Savage also appears to have had a hand in operations of an anonymous website called Maine Examiner, an ostensibly local news blog which also happens to exclusively attack Democratic politicians in the state. The site was mostly ignored until it falsely claimed that a Democratic mayoral candidate had insulted citizens of his own city as "a bunch of racists," a smear that left-wing activists think was responsible for his 145-vote loss.
After critics began poking around the Maine Examiner's website, they discovered that several photos it had used were created by Savage, according to their metadata. Savage's name was also found on the site's error messages. He has not addressed the charges but may soon be forced to by the state's Commission on Governmental Ethics and Election Practices which will convene on Feb. 22 to hear a formal complaint against him.
The problem of undisclosed conflicts of interest also exists at larger, more high-profile conservative outlets which are not directly controlled by party apparatchiks. In the lead-up to the 2016 election, former Breitbart News editor Ben Shapiro set up a blog called the Daily Wire, without disclosing to his readers that the site was owned by Dan and Farris Wilks, the two biggest donors to the presidential campaign of Texas Sen. Ted Cruz. The site, and Shapiro, tirelessly flogged Cruz’s candidacy throughout the GOP primary season without ever bothering to mention the immense conflict of interest. The Daily Wire even had the gall to call various conservative talk show hosts "in the tank" for Trump.

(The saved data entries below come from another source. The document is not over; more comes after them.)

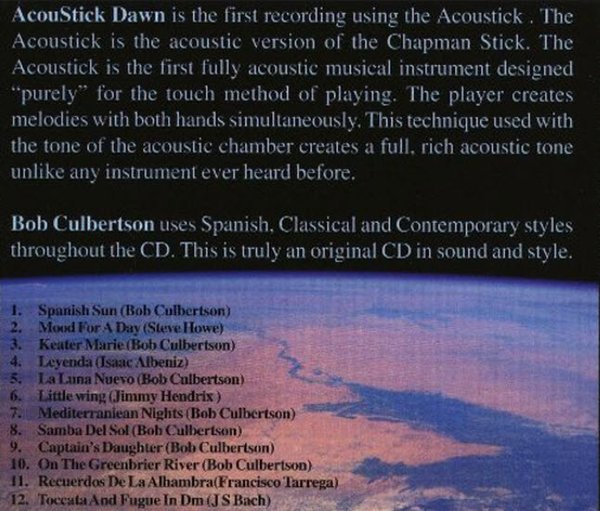 Bob says in his liner notes that the AcouStick is "the acoustic version of the Chapman Stick" and is "the first fully acoustic musical instrument designed purely for the touch method of playing", and that this CD is its "first recording".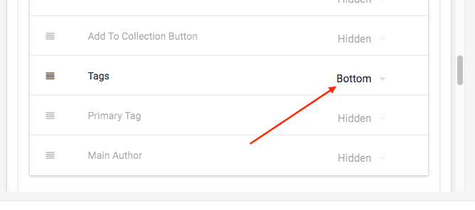 Locate the Tags element and change it from "Hidden" to an orientation that works for you, such as "Bottom":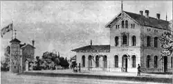 Beim Umbau wurde das Empfangsgebäude durch einen 1879 errichteten und 1892/93 erweiterten Neorenaissance-Bau ersetzt. In den Eckgebäuden befanden sich die Wohnungen der Beamten, im Mittelteil Diensträume, die Schalterhalle und die nach Klassen getrennten Warteräume.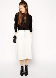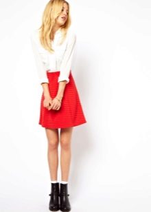 The skirt of a trapeze silhouette is a rather democratic version of clothing, therefore it can be freely combined with completely opposite objects - blouses, T-shirts, tops, sweaters, sweaters, shirts, jackets, etc.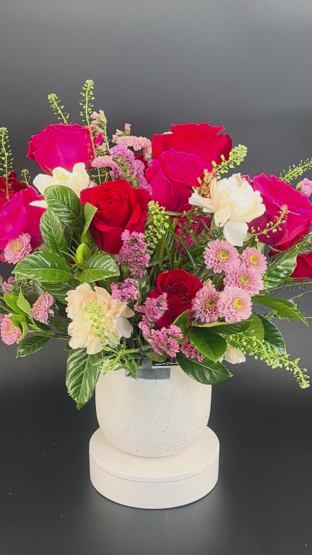 Make a statement with our most abundant, bold design, featuring premium blooms in deep red and pink. Valentine’s Day will be truly unforgettable with this lush expression of love.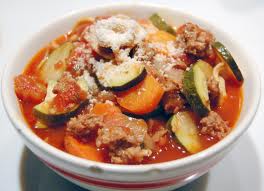 1. Sauté sausage, onion, and garlic in a Dutch oven over medium heat 8 minutes or until sausage crumbles and is no longer pink; drain. Stir in tomatoes, next 8 ingredients, and 10 cups water; bring to a boil. Cover, reduce heat to low, and cook 20 minutes or until carrots are crisp-tender.
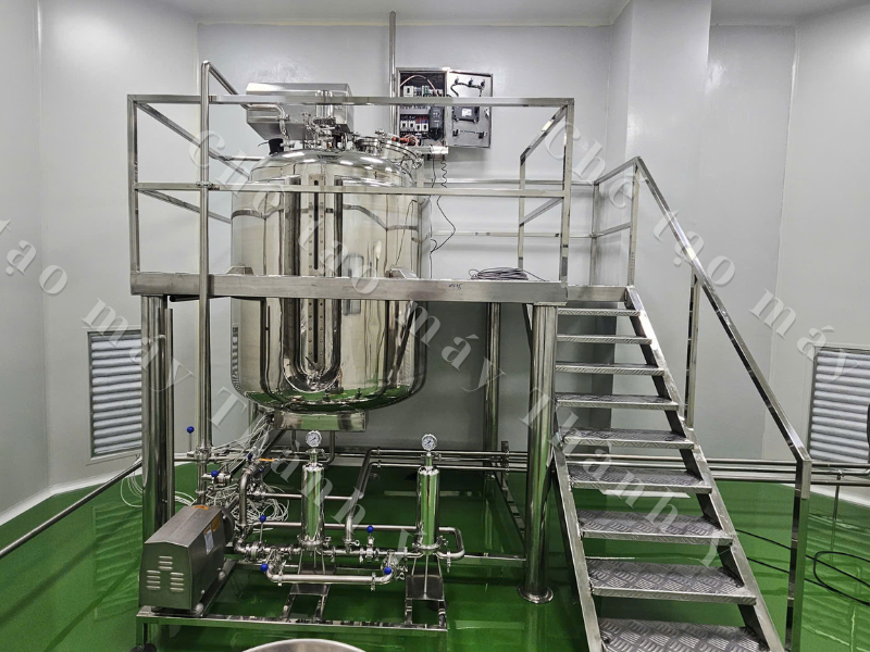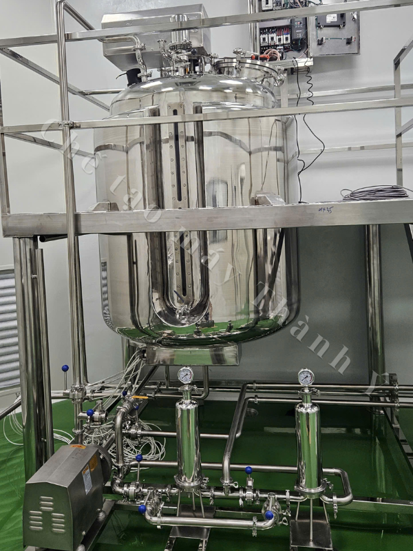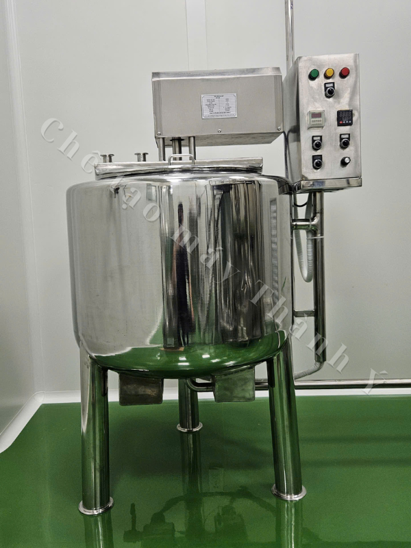 Tank tiền pha chế có chức năng hòa tan ban đầu các nguyên liệu như dược chất, tá dược, dung môi. Thiết bị thường được trang bị cánh khuấy, gia nhiệt bằng hơi nước hoặc điện trở giúp nguyên liệu tan nhanh, đều, hạn chế vón cục. Công đoạn này giúp chuẩn bị dung dịch nền đạt yêu cầu trước khi chuyển sang pha chế chính.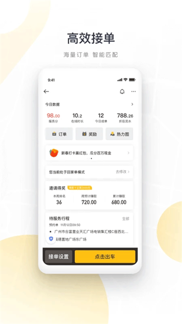 1、智能接单功能:根据司机实时位置与行驶路线自动推送订单,帮助司机快速匹配乘客需求。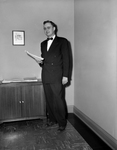 Here it is shown Carl J. Taylor Jr., Houston, who was promoted and transferred to Fort Worth as assistant to Continental Oil Company's southwestern region general manager. He is shown standing next to a cabinet holding a stack of paper in his hand. Published in Fort Worth Star-Telegram morning edition February 14, 1954.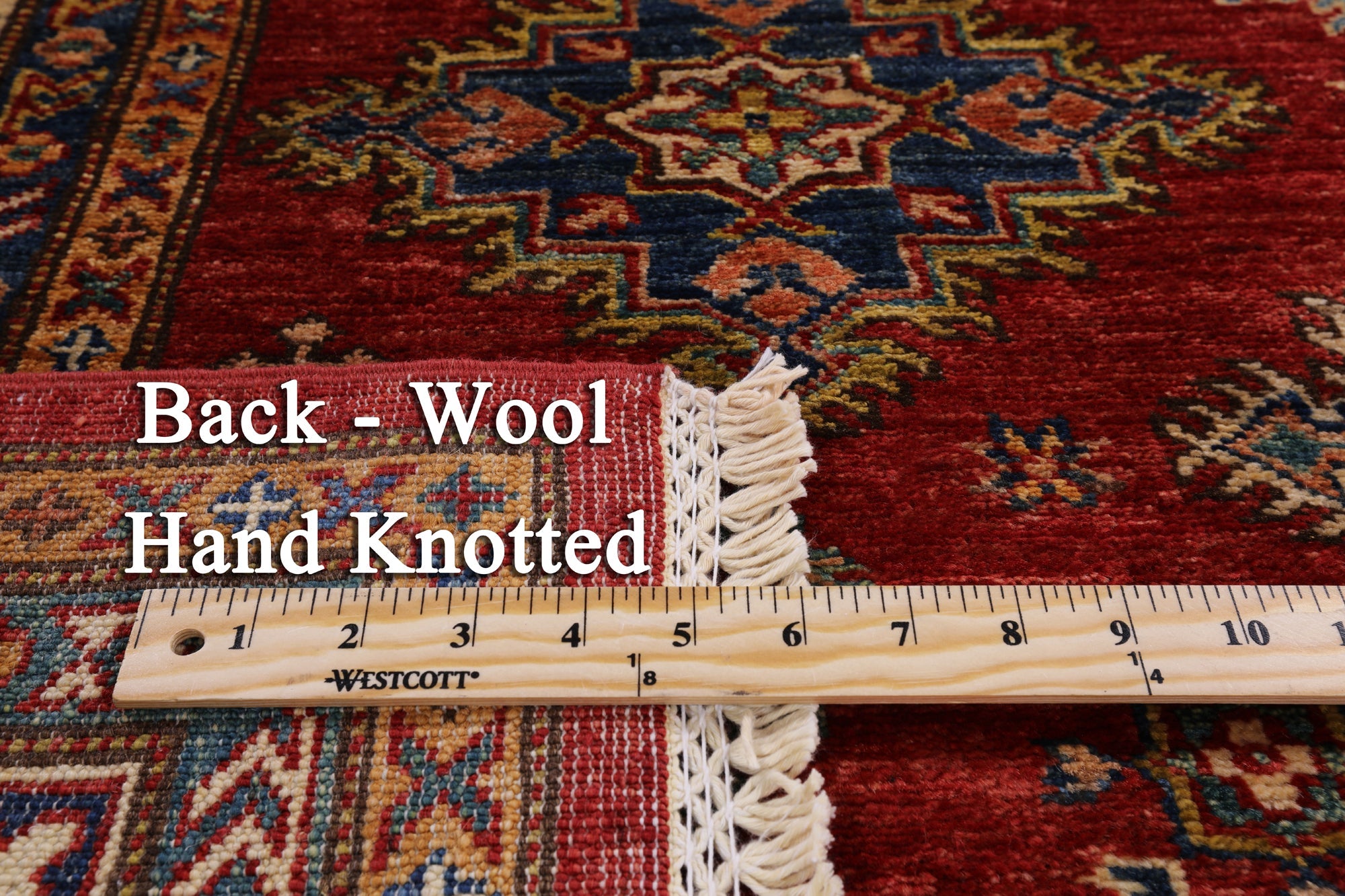 Red Super Kazak Hand Knotted Wool Area Rug 5' 0" X 6' 7" - P9025 is backordered and will ship as soon as it is back in stock.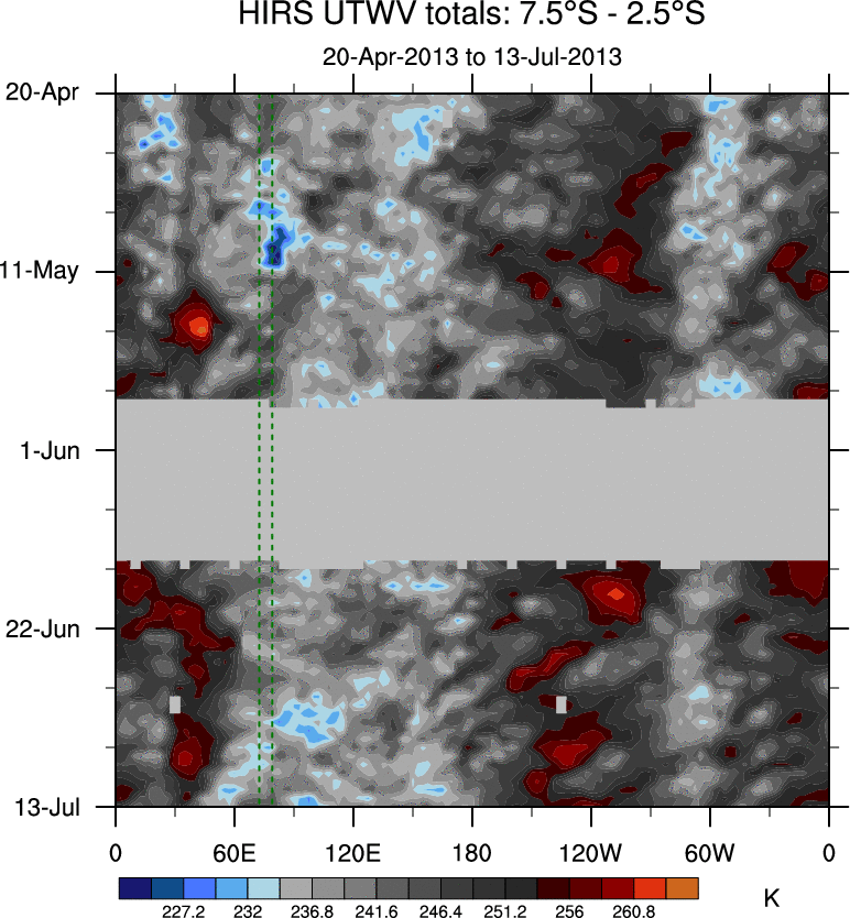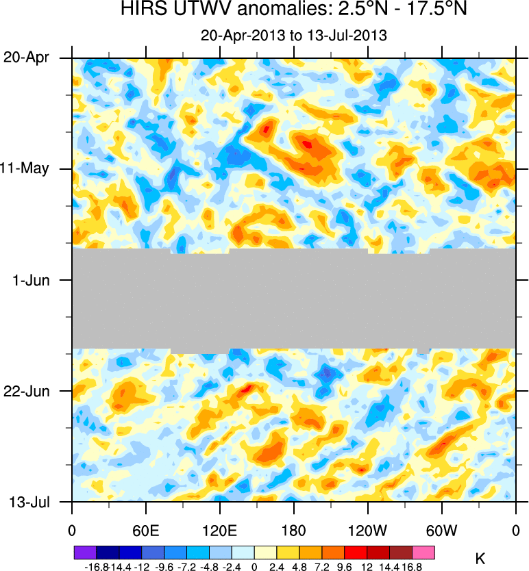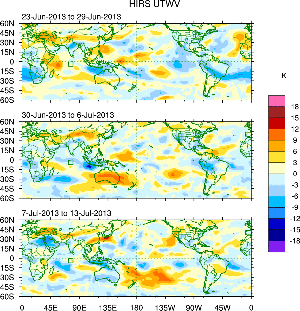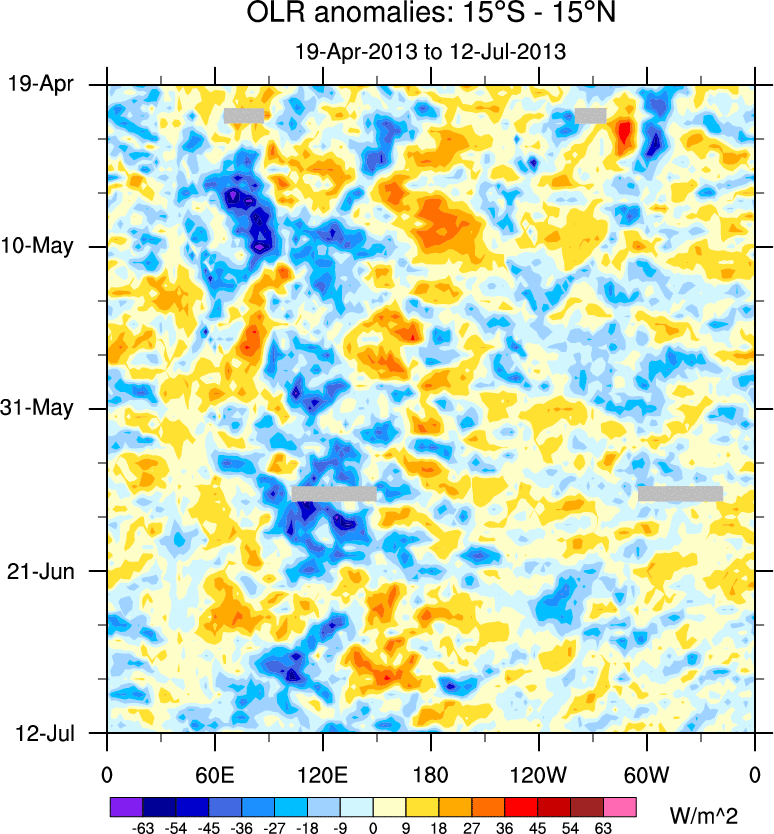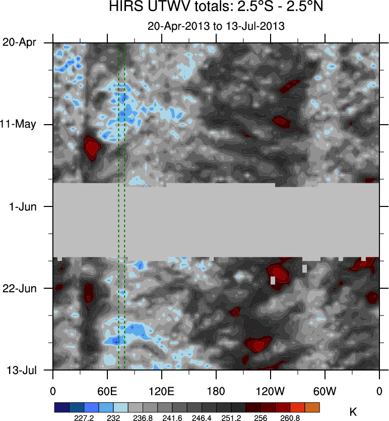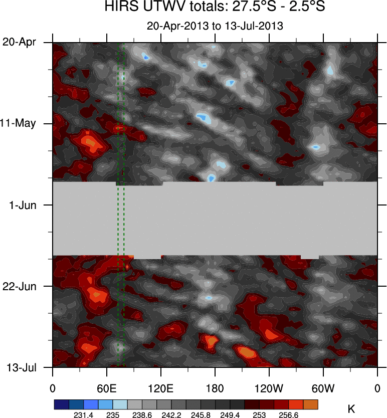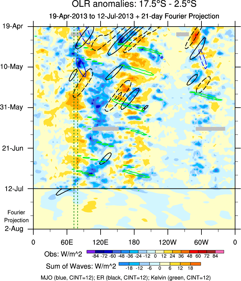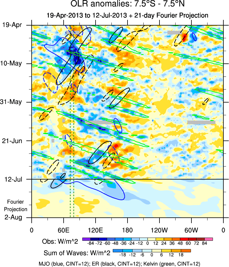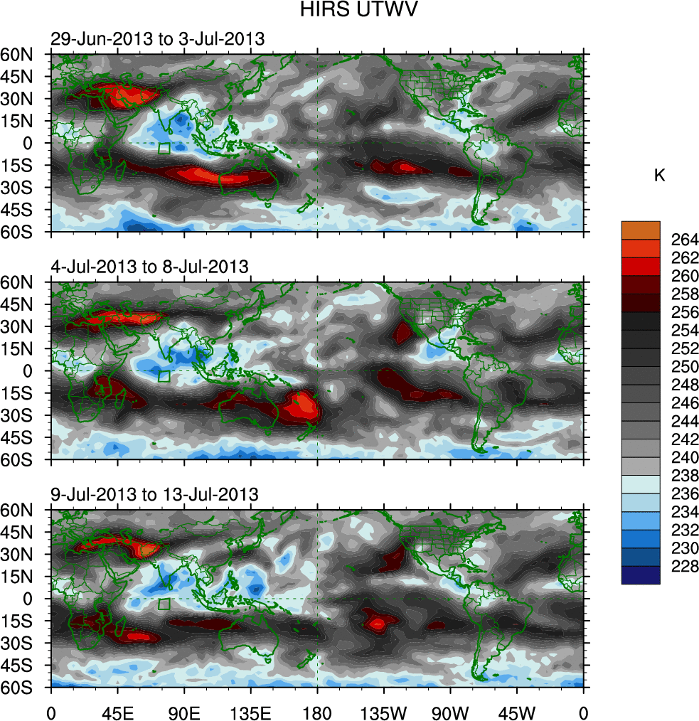To identify tropical waves in near real-time, the OLR and UTWV data are filtered following Wheeler & Weickmann (2001 MWR). The daily anomalies are calculated using the first 3 harmonics of the seasonal cycle for 1979–2009. Missing values are then filled using linear interpolation in space and time. The most recent 365 days of anomalies are padded with 659 days of zeroes, and the result is filtered for each wave type.

A similarly manipulative situation was in effect at Breitbart News in 2015 and 2016. While the site later became strongly loyal to Trump, during most of the Republican nominating contest, Breitbart shamelessly flacked for Cruz. This was no surprise considering that the Texas pol's other biggest donors, Robert and Rebekah Mercer, were the primary funders of the publication. This fact was almost never disclosed to Breitbart readers.
Even Fox News was once in the business of fake websites. As Salon reported last year, the company's founder, Roger Ailes, once paid for the creation of a series of anonymous and shockingly sexist blogs to market his channel.
Given the extensive history of conservative fake news, an entirely fictitious publication like the Arizona Monitor is no huge surprise. There's no clear evidence that the Monitor was a wholly-owned subsidiary of Kelli Ward's campaign -- or the creation of her donors and backers -- but that's the most reasonable inference to draw, and it fits into the long Republican tradition of just making stuff up.